> **Task goal**: Set the listing down again exactly, please, apart from its pictures.

> **Collected material**:
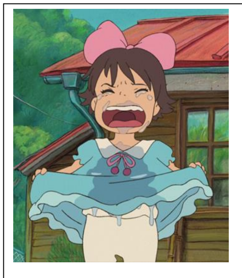
Ponyo, a tengerparti sziklán (2008)
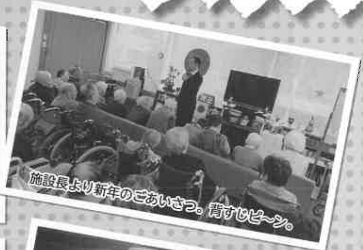
施設長より新年のごあいさつ。背すじピーン。
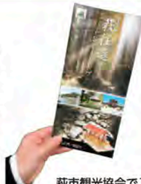
萩市観光協会で購入可能

萩往還は、毛利氏が慶長9年（1604）の萩城築城後、江戸への参勤交代のための「御成道」として開かれ、日本海側の萩から瀬戸内海側の三田尻港（防府市）までをほぼ直線で結ぶ全行程53kmの街道です。山陰と山陽を結ぶ重要な交通路であり、幕末には、多くの志士たちが往來しました。

> **Written response**:
Ponyo, a tengerparti sziklán (2008)
施設長より新年のごあいさつ。背すじピーン。
萩市観光協会で購入可能

萩往還は、毛利氏が慶長9年（1604）の萩城築城後、江戸への参勤交代のための「御成道」として開かれ、日本海側の萩から瀬戸内海側の三田尻港（防府市）までをほぼ直線で結ぶ全行程53kmの街道です。山陰と山陽を結ぶ重要な交通路であり、幕末には、多くの志士たちが往來しました。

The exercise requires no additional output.